• **Exercise aim**
Please return exactly the lines from the top of the data through the line that contains "https://www.privatetraininginstitutions.gov.bc.ca/", and skip all pictures.

Segment Start: Records shown

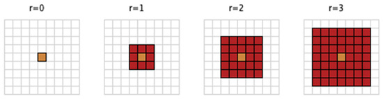 Moore neighborhood with different ranges from left to right: r = 0, r = 1, r = 2, and r = 3.
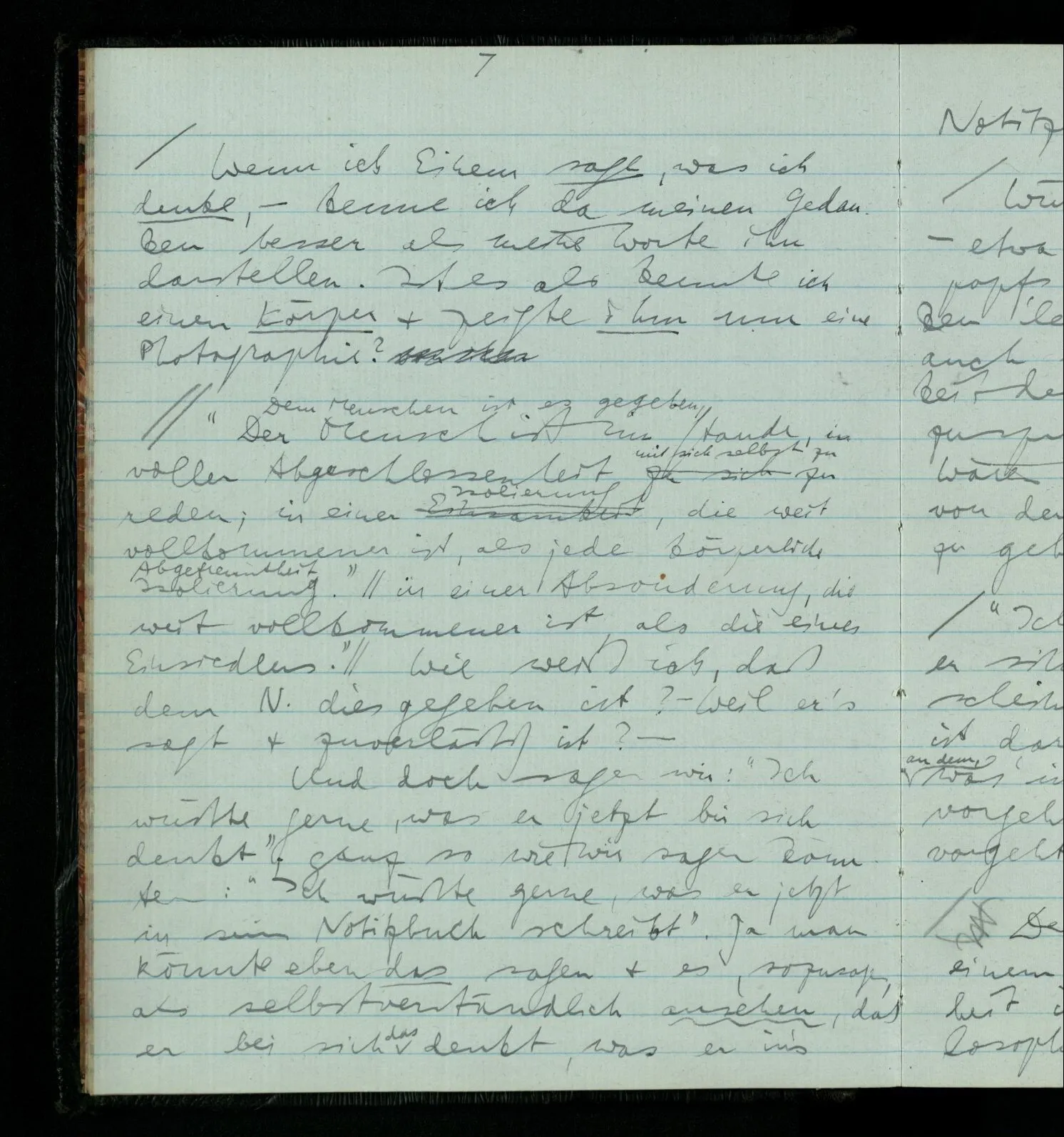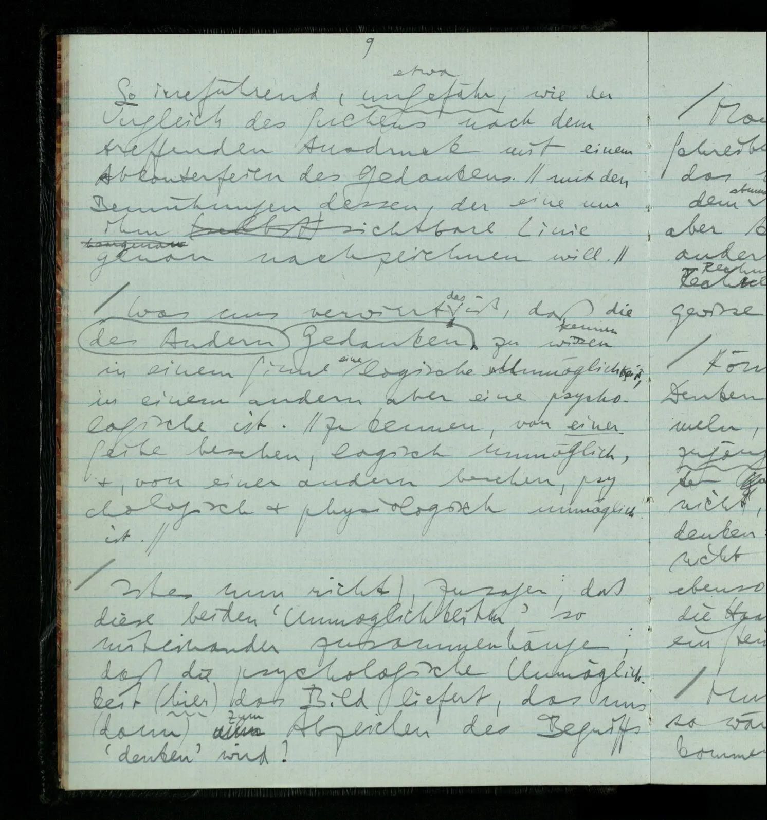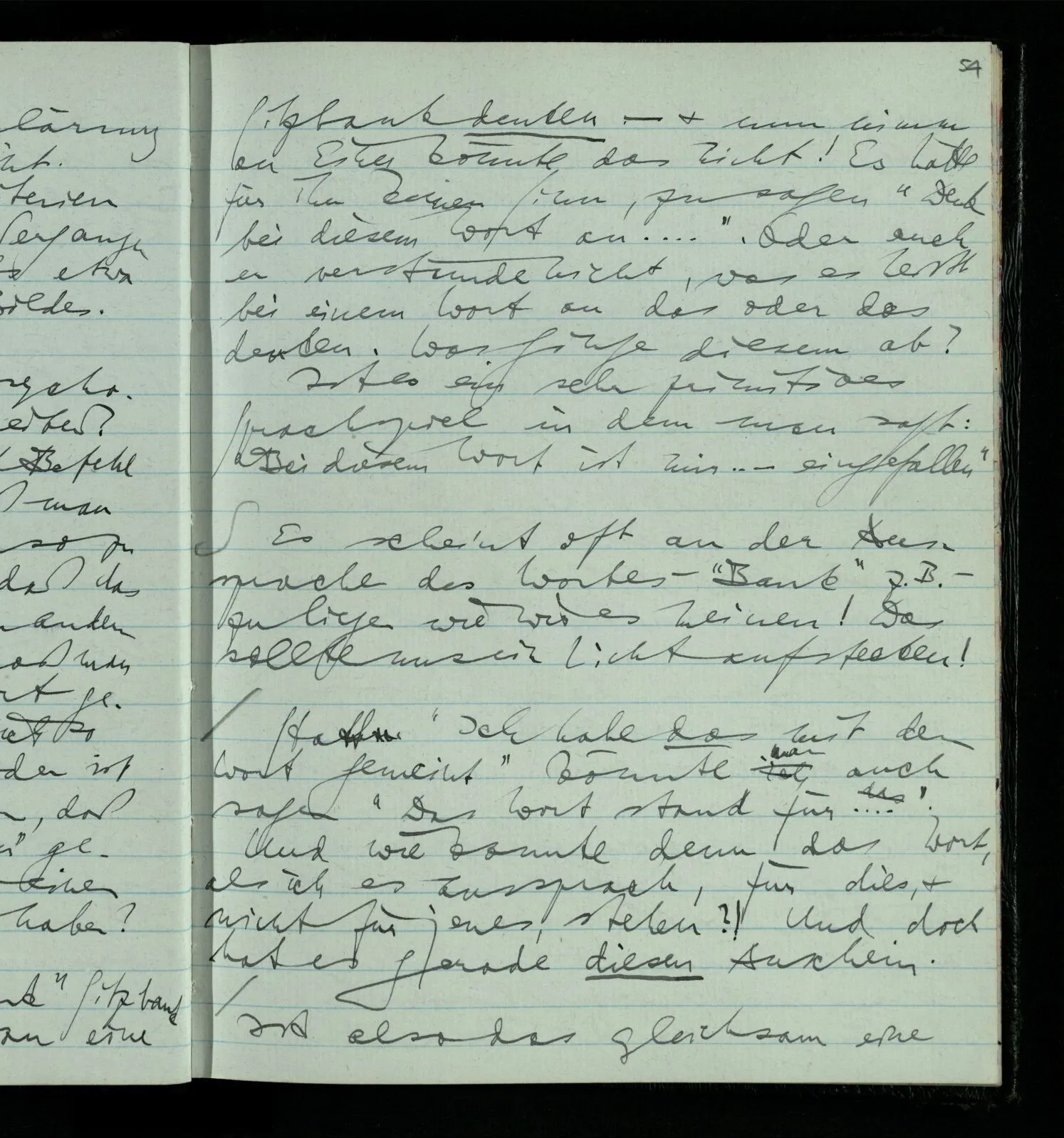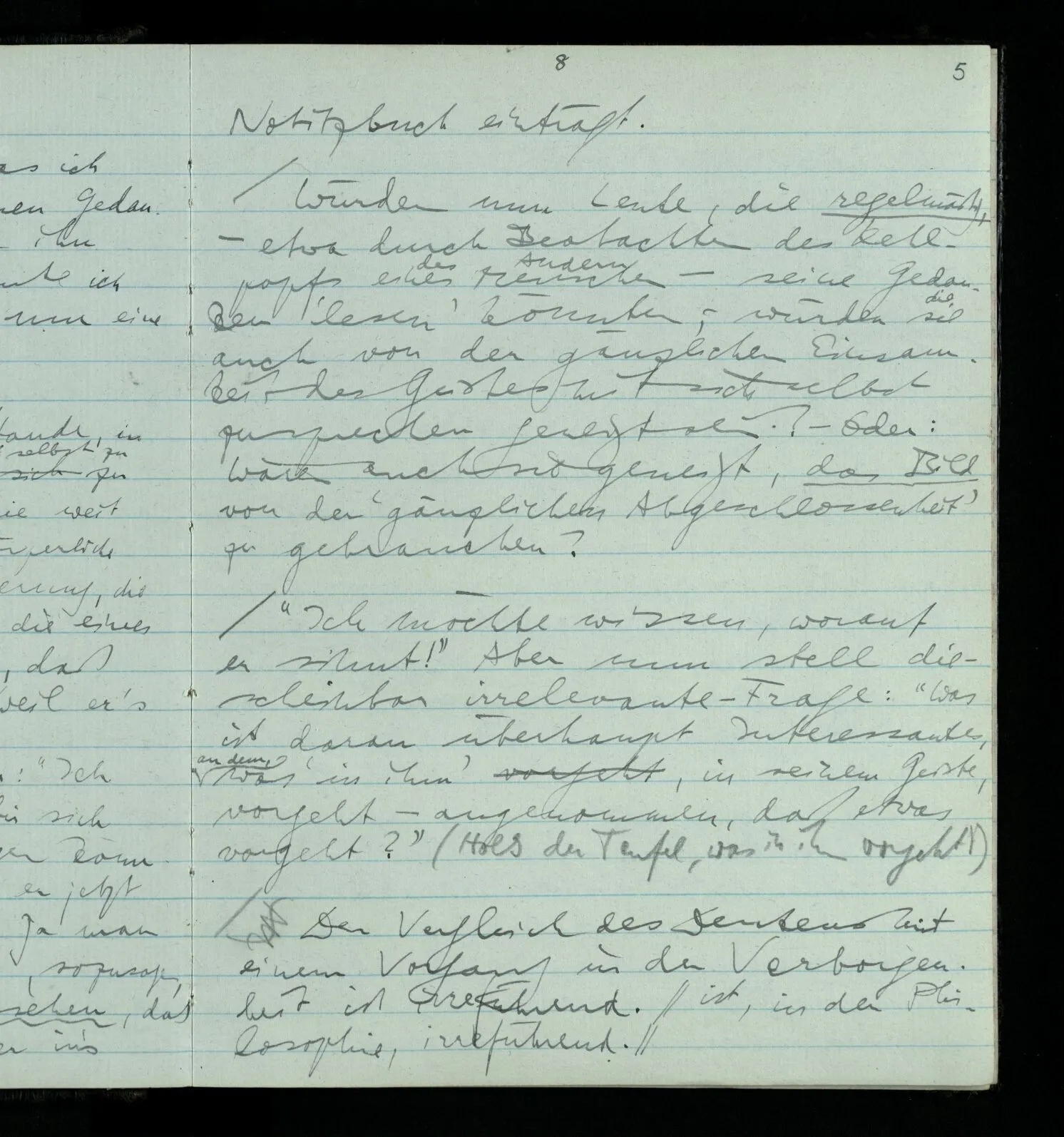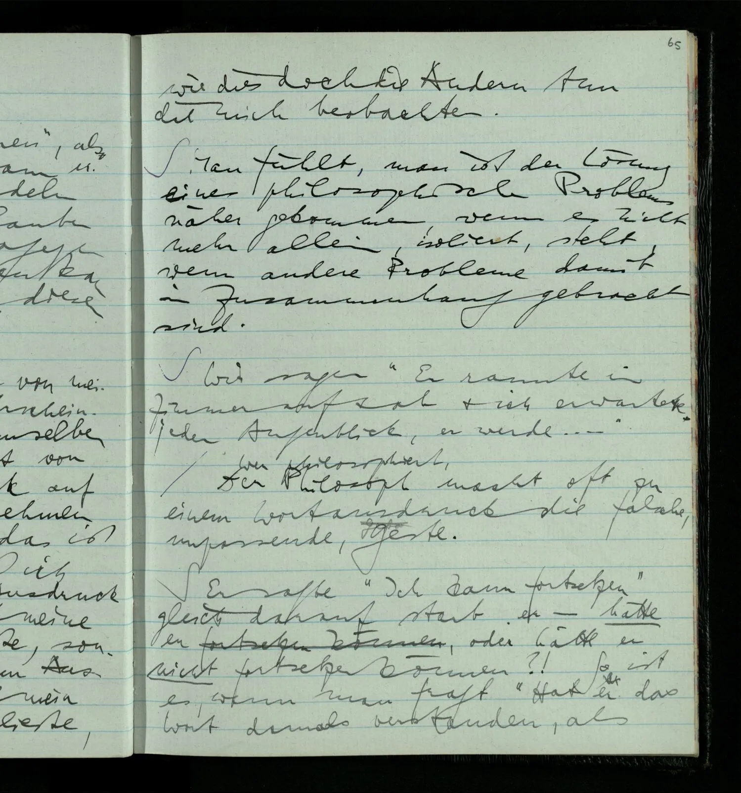 “Der Mensch ist im Stande, in voller Abgeschlossenheit mit sich selbst zu reden; in einer Isolierung, die weit vollkommener ist, als jede körperliche Isolierung.” Wie weiß ich, daß dem N. dies gegeben ist? – Weil er’s sagt & zuverlässig ist? – Und doch sagen wir: “Ich wüßte gerne, was er jetzt bei sich denkt”; ganz so, wie wir sagen könnten: “Ich wüßte gerne, was er jetzt in sein Notizbuch schreibt”. Ja, man könnte eben das sagen & es, sozusagen, als selbstverständlich ansehen, daß er bei sich das denkt, was er in’s
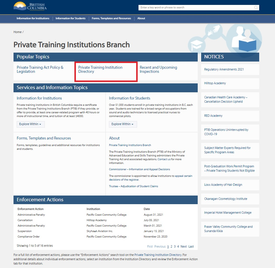 https://www.privatetraininginstitutions.gov.bc.ca/
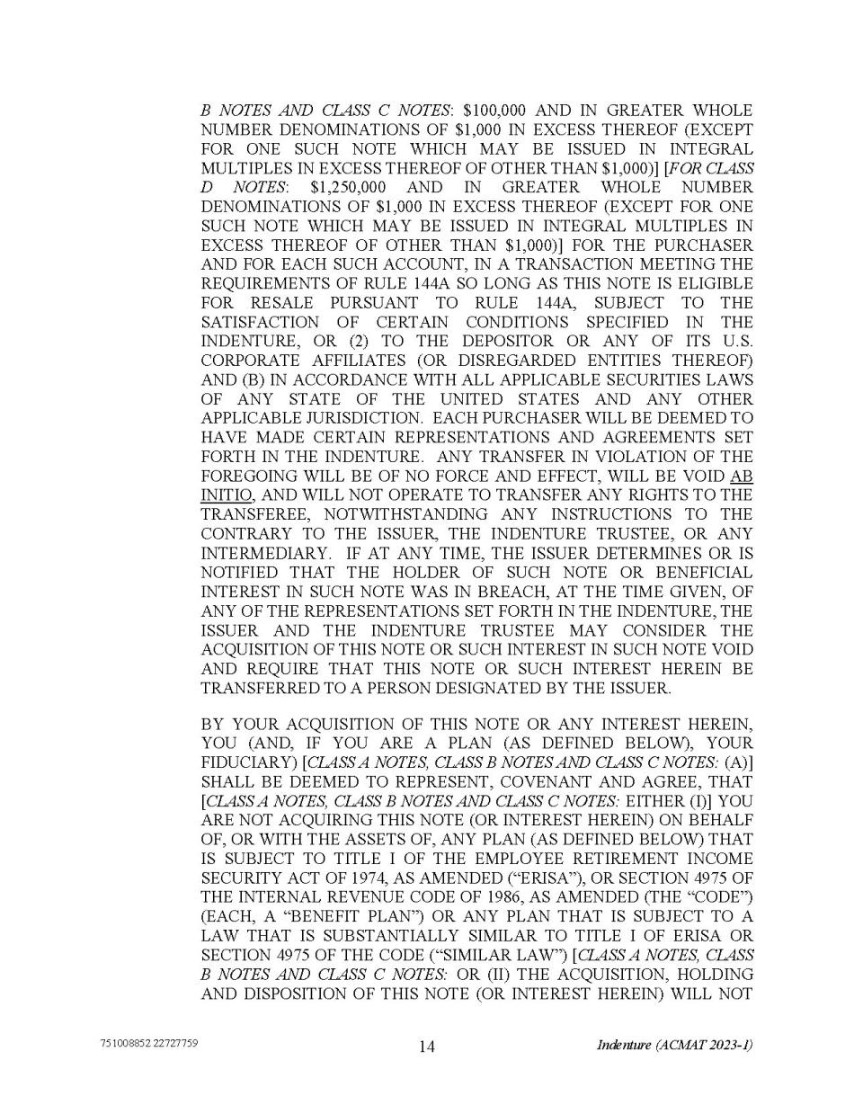 751008852 22727759 14 Indenture (ACMAT 2023 - 1) B NOTES AND CLASS C NOTES : $ 100 , 000 AND IN GREATER WHOLE NUMBER DENOMINATIONS OF $ 1 , 000 IN EXCESS THEREOF (EXCEPT FOR ONE SUCH NOTE WHICH MAY BE ISSUED IN INTEGRAL MULTIPLES IN EXCESS THEREOF OF OTHER THAN $ 1 , 000 )] [ FOR CLASS D NOTES : $ 1 , 250 , 000 AND IN GREATER WHOLE NUMBER DENOMINATIONS OF $ 1 , 000 IN EXCESS THEREOF (EXCEPT FOR ONE SUCH NOTE WHICH MAY BE ISSUED IN INTEGRAL MULTIPLES IN EXCESS THEREOF OF OTHER THAN $ 1 , 000 )] FOR THE PURCHASER AND FOR EACH SUCH ACCOUNT, IN A TRANSACTION MEETING THE REQUIREMENTS OF RULE 144 A SO LONG AS THIS NOTE IS ELIGIBLE FOR RESALE PURSUANT TO RULE 144 A, SUBJECT TO THE SATISFACTION OF CERTAIN CONDITIONS SPECIFIED IN THE INDENTURE, OR (2) TO THE CORPORATE AFFILIATES (OR DEPOSITOR OR ANY OF ITS U.S. DISREGARDED ENTITIES THEREOF) AND (B) IN ACCORDANCE WITH ALL APPLICABLE SECURITIES LAWS OF ANY STATE OF THE UNITED STATES AND ANY OTHER APPLICABLE JURISDICTION . EACH PURCHASER WILL BE DEEMED TO HAVE MADE CERTAIN REPRESENTATIONS AND AGREEMENTS SET FORTH IN THE INDENTURE . ANY TRANSFER IN VIOLATION OF THE FOREGOING WILL BE OF NO FORCE AND EFFECT, WILL BE VOID AB INITIO , AND WILL NOT OPERATE TO TRANSFER ANY RIGHTS TO THE TRANSFEREE, NOTWITHSTANDING ANY INSTRUCTIONS TO THE CONTRARY TO THE ISSUER, THE INDENTURE TRUSTEE, OR ANY INTERMEDIARY . IF AT ANY TIME, THE ISSUER DETERMINES OR IS NOTIFIED THAT THE HOLDER OF SUCH NOTE OR BENEFICIAL INTEREST IN SUCH NOTE WAS IN BREACH, AT THE TIME GIVEN, OF ANY OF THE REPRESENTATIONS SET FORTH IN THE INDENTURE, THE ISSUER AND THE INDENTURE TRUSTEE MAY CONSIDER THE ACQUISITION OF THIS NOTE OR SUCH INTEREST IN SUCH NOTE VOID AND REQUIRE THAT THIS NOTE OR SUCH INTEREST HEREIN BE TRANSFERRED TO A PERSON DESIGNATED BY THE ISSUER . BY YOUR ACQUISITION OF THIS NOTE OR ANY INTEREST HEREIN, YOU (AND, IF YOU ARE A PLAN (AS DEFINED BELOW), YOUR FIDUCIARY) [ CLASS A NOTES, CLASS B NOTES AND CLASS C NOTES : (A)] SHALL BE DEEMED TO REPRESENT, COVENANT AND AGREE, THAT [ CLASS A NOTES, CLASS B NOTES AND CLASS C NOTES : EITHER (I)] YOU ARE NOT ACQUIRING THIS NOTE (OR INTEREST HEREIN) ON BEHALF OF, OR WITH THE ASSETS OF, ANY PLAN (AS DEFINED BELOW) THAT IS SUBJECT TO TITLE I OF THE EMPLOYEE RETIREMENT INCOME SECURITY ACT OF 1974 , AS AMENDED (“ERISA”), OR SECTION 4975 OF THE INTERNAL REVENUE CODE OF 1986 , AS AMENDED (THE “CODE”) (EACH, A “BENEFIT PLAN”) OR ANY PLAN THAT IS SUBJECT TO A LAW THAT IS SUBSTANTIALLY SIMILAR TO TITLE I OF ERISA OR SECTION 4975 OF THE CODE (“SIMILAR LAW”) [ CLASS A NOTES, CLASS B NOTES AND CLASS C NOTES : OR (II) THE ACQUISITION, HOLDING AND DISPOSITION OF THIS NOTE (OR INTEREST HEREIN) WILL NOT
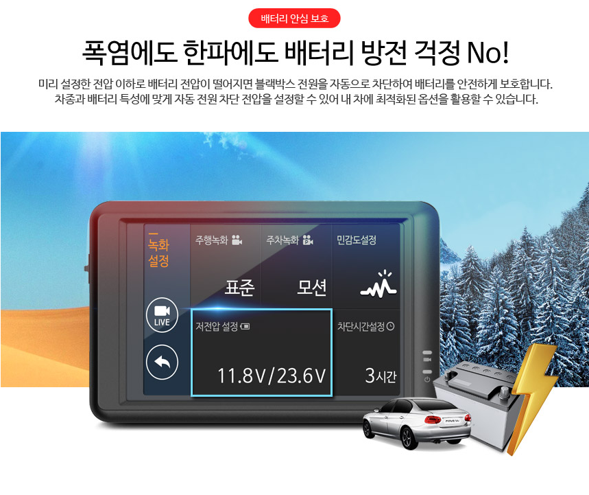 파인뷰의 저전압 설정은 X2000의 경우 정해진 몇개의 설정값에서 선택을 해야했는데 타 제품의 경우 0.1V 단위로 설정이 가능한 제품이 있더라구요. 더 세세하게 설정 가능한게 좋지 않을까 생각되는데 기존과 똑같은지 한번 확인해봐야할것 같습니다.
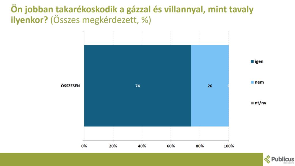 A válaszadók háromnegyede (74 százalék) mondta azt, hogy jobban takarékoskodik a gázzal és villannyal, mint tavaly ilyenkor.
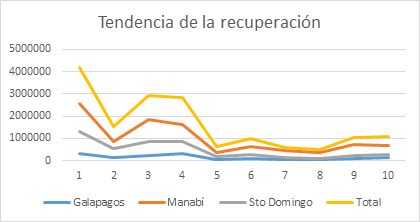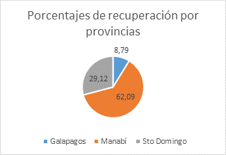 La estructura de la recuperación por provincias es similar que los indicadores anteriores analizados con valores para Manabí entre el 62 y 70 % del total. Por tanto, se puede decir que no existen diferencias significativas en la gestión de las provincias.
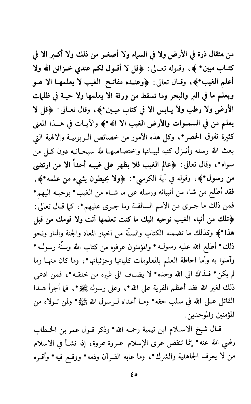 مِنْ مِثْقَالِ ذَرَّةٍ فِي الْأَرْضِ وَلا فِي السَّمَاءِ وَلا أَصْغَرَ مِنْ ذَلِكَ وَلا أَكْبَرَ إِلاَّ فِي كِتَابٍ مُبِينٍ} وقوله تعالى: {قُلْ لا أَقُولُ لَكُمْ عِنْدِي خَزَائِنُ اللَّهِ وَلا أَعْلَمُ الْغَيْبَ} وقال تعالى: {وَعِنْدَهُ مَفَاتِحُ الْغَيْبِ لا يَعْلَمُهَا إِلَّا هُوَ وَيَعْلَمُ مَا فِي الْبَرِّ وَالْبَحْرِ وَمَا تَسْقُطُ مِنْ وَرَقَةٍ إِلَّا يَعْلَمُهَا وَلا حَبَّةٍ فِي ظُلُمَاتِ الْأَرْضِ وَلا رَطْبٍ وَلا يَابِسٍ إِلَّا فِي كِتَابٍ مُبِينٍ} وقال تعالى: {قُلْ لا يَعْلَمُ مَنْ فِي السَّمَاوَاتِ وَالْأَرْضِ الْغَيْبَ إِلَّا اللَّهُ} والآيات في هذا المعنى كثيرة تفوق الحصر وكل هذه الأمور من خصائص الربوبية والإلهية ألتي بعث الله رسله وأنزل كتبه لبيانها واختصاصها لله سبحانه دون كل من سواه وقال تعالى: {عَالِمُ الْغَيْبِ فَلا يُظْهِرُ عَلَى غَيْبِهِ أَحَداً إِلَّا مَنِ ارْتَضَى مِنْ رَسُولٍ} وقوله في آية الكرسي: {وَلا يُحِيطُونَ بِشَيْءٍ مِنْ عِلْمِهِ} فقد أطلع من شاء من أنبيائه ورسله على ماشاء من الغيب بوحيه إليهم فمن ذلك ما جرى من الأمم السالفة وما جرى عليهم كما قال تعالى: {تِلْكَ مِنْ أَنْبَاءِ الْغَيْبِ نُوحِيهَا إِلَيْكَ مَا كُنْتَ تَعْلَمُهَا أَنْتَ وَلا قَوْمُكَ مِنْ قَبْلِ هَذَا} وكذلك ما تضمنه الكتاب والسنة من أخبار المعاد والجنة والنار ونحو ذلك أطلع الله عليه رسوله والمؤمنين عرفوه من كتاب الله وسنة رسوله وآمنوا به وأما إحاطة العلم بالمعلومات كلياتها وجزئياتها وما كان منها وما وما لم يكن فذاك إلى الله وحده لا يضاف إلى غيره من خلقه فمن ادعى ذلك لغير الله فقد أعظم الفرية على الله وعلى رسوله صلى الله عليه وسلم فما أجرأ هذا القاتل على الله في سلب حقه وما أعداه لرسول الله صلى الله عليه وسلم ولمن تولاه من المؤمنين والموحدين.

Segment End: Records shown

• **Result for this exercise**
 Moore neighborhood with different ranges from left to right: r = 0, r = 1, r = 2, and r = 3.
 “Der Mensch ist im Stande, in voller Abgeschlossenheit mit sich selbst zu reden; in einer Isolierung, die weit vollkommener ist, als jede körperliche Isolierung.” Wie weiß ich, daß dem N. dies gegeben ist? – Weil er’s sagt & zuverlässig ist? – Und doch sagen wir: “Ich wüßte gerne, was er jetzt bei sich denkt”; ganz so, wie wir sagen könnten: “Ich wüßte gerne, was er jetzt in sein Notizbuch schreibt”. Ja, man könnte eben das sagen & es, sozusagen, als selbstverständlich ansehen, daß er bei sich das denkt, was er in’s
 https://www.privatetraininginstitutions.gov.bc.ca/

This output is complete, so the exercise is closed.